1. **Designing the player UI instead of the backend**: Candidates spend time on video player controls, playlists, and recommendations UI. **What staff+ candidates say instead**: "The frontend is a standard ABR player (HLS.js or Shaka Player). Let me focus on the three backend domains: the transcode pipeline, the CDN delivery network, and the metadata tier."
2. **Ignoring the transcode pipeline entirely**: "Users upload a video and it's available." Transcoding a 10-minute video into 18 renditions (6 resolutions × 3 codecs) takes significant compute. **What staff+ candidates say instead**: "The upload triggers an async transcode pipeline. The video is split into segments for parallel encoding across a worker fleet. I'd make the lowest resolution available first for fast time-to-playback."
3. **Serving video directly from origin storage**: "NGINX serves the video files." At 4 billion views/day, origin would need to serve 630 PB/day. **What staff+ candidates say instead**: "A multi-tier CDN with edge nodes inside ISP networks handles 95%+ of traffic. Origin shield prevents cache miss storms. Request coalescing collapses concurrent misses into a single origin fetch."
4. **Fixed bitrate ladder for all content**: "All videos get encoded at 480p/720p/1080p/4K at fixed bitrates." A simple animation needs 500 kbps at 1080p; an action movie needs 8+ Mbps. **What staff+ candidates say instead**: "I'd use per-title or per-shot encoding with VMAF as the quality metric. The bitrate ladder is content-dependent — encode to a target quality, not a target bitrate."
5. **Strongly consistent view counters**: "I'll use a distributed counter with Raft consensus." At 46K views/second, this is absurdly expensive and unnecessary. **What staff+ candidates say instead**: "View counts are eventually consistent with a 15-minute lag. Events flow through Kafka, aggregate in time windows, and batch-update Bigtable counters. Users accept approximate counts."
6. **Single codec for all content**: "Everything in H.264." VP9 saves 30-50% bandwidth and AV1 saves 50%+ over H.264 — for popular videos, this translates to millions of dollars in CDN savings. **What staff+ candidates say instead**: "I'd tier codecs by view count: H.264 baseline for all uploads, VP9 for videos exceeding 10K views, AV1 for 5M+ views. The encoding cost must be justified by bandwidth savings × view count."
7. **No distinction between live and VOD**: "Same architecture handles both." Live streaming has 0% cache hit rate (every segment is new), requires real-time transcoding, and has a fundamentally different CDN model (fan-out, not cache). **What staff+ candidates say instead**: "VOD benefits from pre-positioning and high cache hit rates. Live streaming inverts this — the CDN is a fan-out amplifier, not a cache. They need separate architectures with different SLOs."

***

## 13. Interview Cheat Sheet

### Time Allocation (45-minute interview)
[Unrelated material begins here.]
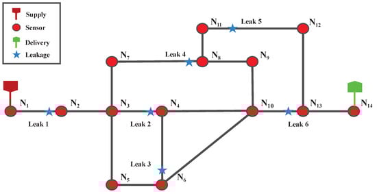 Figure 3 presents the topology of the simulated natural gas pipeline network, which consists of 14 nodes and 17 pipes. These nodes represent sensors commonly deployed in real-world gas pipeline systems, each of which monitors pressure and flow signals within the network. The pipeline specifications include an inner diameter of 482.6 mm and a wall thickness of 12.7 mm. A detailed list of the input parameters is provided in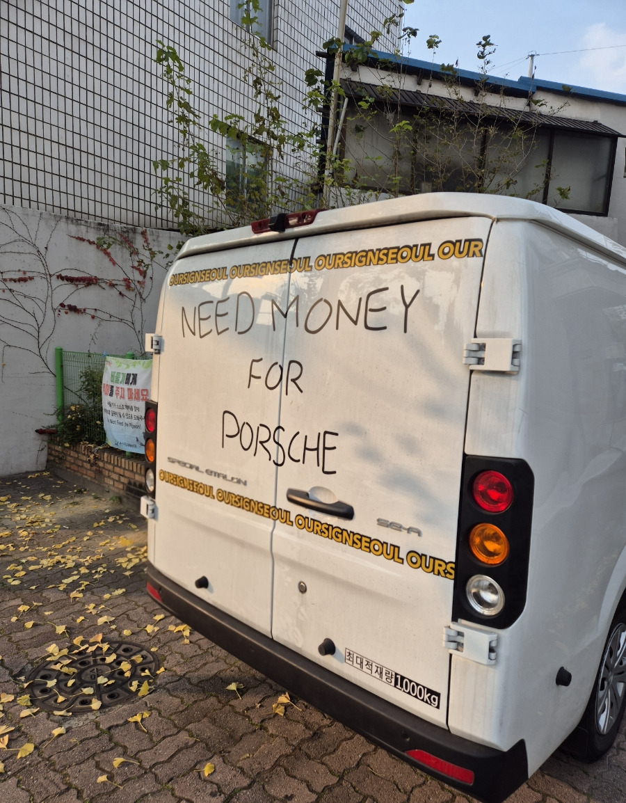 거리에 휘날리는 노랗게 물든 낙엽을 11월이 저물어가는 날에 보게 될 줄은 몰랐다. 밟히는 빛바랜 노란 낙엽을 잔잔하게 즐기며 걷는 중에 어느 자동차에 써진 재밌는 낙서가 아니라고 느껴지는 차 주인장의 솔직한 재치가 나의 시선에 물들고 있었다. 사진기를 들고 이건 꼭 찍어야겠다며 스쳐가는 거리에서 잠시 혼자 웃음을 지으며 오늘의 사진으로 담았다. 이 차의 주인은 정말, 진심으로 포르셰가 갖고 싶다는 자신의 욕망을 이 거리를 스쳐가는 모든 사람들에게 당당하게 표출하고 있었다.

| Phase                   | Time   | What to Cover                                                                                                              |
| ----------------------- | ------ | -------------------------------------------------------------------------------------------------------------------------- |
| Clarify requirements    | 5 min  | VOD only or also live? Scale (uploads/min, concurrent viewers)? Codec requirements?                                        |
| High-level design       | 10 min | Three domains: transcode pipeline, CDN delivery, metadata tier. Data flow from upload to playback                          |
| Deep dive #1            | 10 min | Transcode pipeline: segment-parallel encoding, codec tiering, per-title encoding, custom ASICs                             |
| Deep dive #2            | 8 min  | CDN: edge hierarchy, ISP-embedded nodes, fill windows, request coalescing, thundering herd prevention                      |
| Failure modes + scaling | 7 min  | Encoding bugs (mass re-encode), CDN origin overload, recommendation system as load-bearing, live streaming cache inversion |
| Trade-offs + wrap-up    | 5 min  | HLS vs DASH, build vs buy CDN, codec economics, consistency model for counters                                             |

### Step-by-Step Answer Guide

1. **Clarify**: "Is this VOD, live, or both? What's the upload rate? How many concurrent viewers? Global or single-region? Do we need content moderation?"
2. **The key insight**: "This system has three fundamentally different domains with different scaling characteristics: a compute-heavy transcode pipeline (latency-tolerant, parallelizable), a bandwidth-heavy delivery network (latency-sensitive, cacheable), and an OLTP metadata tier (consistency-sensitive). They should be designed and scaled independently."
3. **Simple version**: "Single server: FFmpeg transcodes uploads, NGINX serves HLS segments, PostgreSQL stores metadata. Works for \~1,000 videos and \~500 concurrent viewers."
4. **Break it**: "At 500 hours/min upload, transcoding needs 270,000 CPU-minutes per minute. At 4B views/day, we need 630 PB/day egress. Single server: impossible."
5. **Upload pipeline**: "Chunked/resumable upload to object storage. Kafka triggers transcode workers that split video into segments for parallel encoding. Each segment encoded at 6 resolutions, starting with lowest for fast availability."
6. **CDN delivery**: "Three-tier cache: ISP-embedded nodes (Google GGC), regional PoPs, origin shield. Edge hit rate > 95%. Request coalescing prevents thundering herd. Fill windows pre-position popular content off-peak."
7. **ABR streaming**: "DASH manifest with multiple renditions. Player measures download speed per segment and switches quality levels. 6-second segments balance CDN efficiency with adaptation speed. CMAF enables shared segments for HLS+DASH."
8. **Failure handling**: "Transcode worker crash → job re-queued (idempotent). CDN edge down → DNS failover. Origin overload → request coalescing + serve stale. Encoding bug → VMAF validation catches quality regression before CDN."
9. **Scale levers**: "Custom encoding ASICs (20-33x efficiency). Codec tiering by view count. Per-title encoding (20-50% bandwidth savings). ISP-embedded CDN nodes. Tiered storage (hot SSD → warm HDD → cold archive)."
10. **Economics**: "At this scale, bandwidth is the dominant cost. Every 1% improvement in codec efficiency saves millions annually. That's why YouTube built custom silicon, Netflix invented per-title encoding, and both invested in AV1."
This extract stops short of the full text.